___ Input data

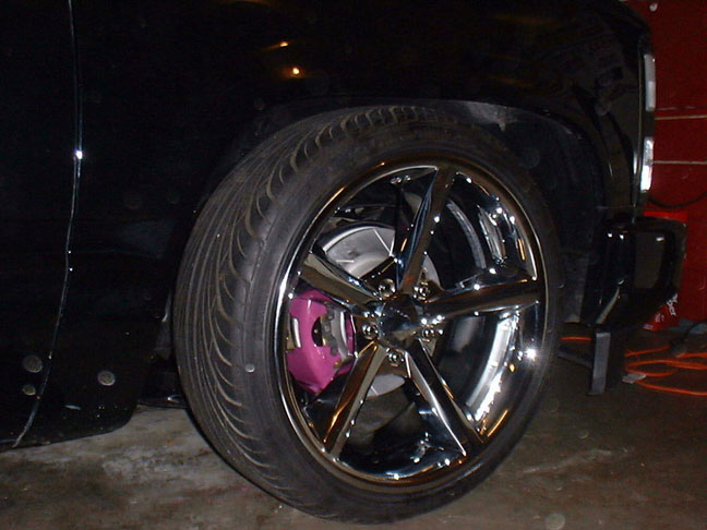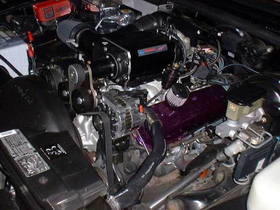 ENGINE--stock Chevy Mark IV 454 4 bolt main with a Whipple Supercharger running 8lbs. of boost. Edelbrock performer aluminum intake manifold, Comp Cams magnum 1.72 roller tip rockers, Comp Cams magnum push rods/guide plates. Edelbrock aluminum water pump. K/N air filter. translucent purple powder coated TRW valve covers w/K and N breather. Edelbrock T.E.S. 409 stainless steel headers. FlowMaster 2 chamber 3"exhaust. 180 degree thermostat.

______
___ Input data

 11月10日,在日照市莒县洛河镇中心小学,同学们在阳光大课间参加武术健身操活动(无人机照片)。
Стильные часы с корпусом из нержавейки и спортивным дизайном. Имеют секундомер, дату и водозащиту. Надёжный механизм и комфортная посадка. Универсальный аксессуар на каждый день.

______
___ Input data

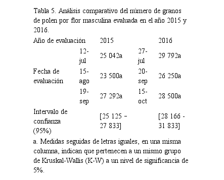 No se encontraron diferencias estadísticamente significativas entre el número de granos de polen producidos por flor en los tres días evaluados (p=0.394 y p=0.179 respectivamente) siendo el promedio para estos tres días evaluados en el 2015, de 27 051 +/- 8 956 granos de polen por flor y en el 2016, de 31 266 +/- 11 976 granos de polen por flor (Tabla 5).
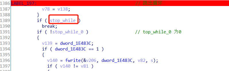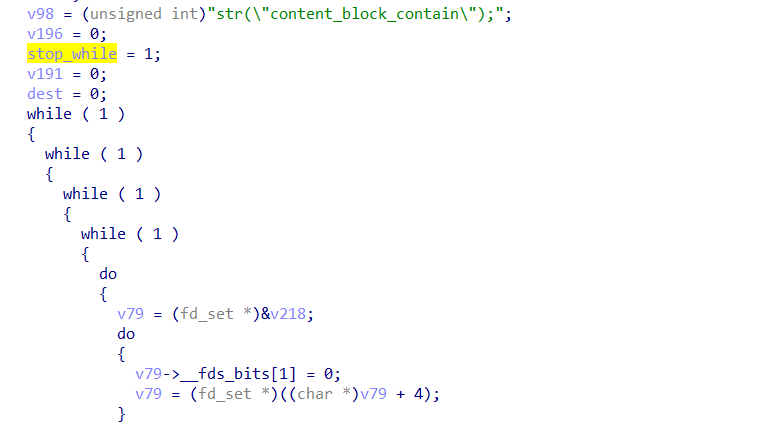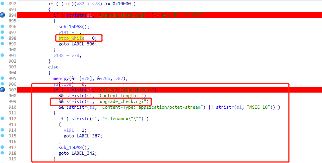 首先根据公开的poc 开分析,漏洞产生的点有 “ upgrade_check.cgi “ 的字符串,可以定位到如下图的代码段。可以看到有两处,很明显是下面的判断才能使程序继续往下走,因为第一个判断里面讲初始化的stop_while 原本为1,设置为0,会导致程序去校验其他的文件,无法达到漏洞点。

______

**Exercise:**
From the listing above, repeat exactly the lines starting at the line that includes "11月10日,在日照市莒县洛" and ending at the line that includes "Стильные часы с", with nothing outside that span.

**Reply to the exercise:**
 11月10日,在日照市莒县洛河镇中心小学,同学们在阳光大课间参加武术健身操活动(无人机照片)。
Стильные часы с корпусом из нержавейки и спортивным дизайном. Имеют секундомер, дату и водозащиту. Надёжный механизм и комфортная посадка. Универсальный аксессуар на каждый день.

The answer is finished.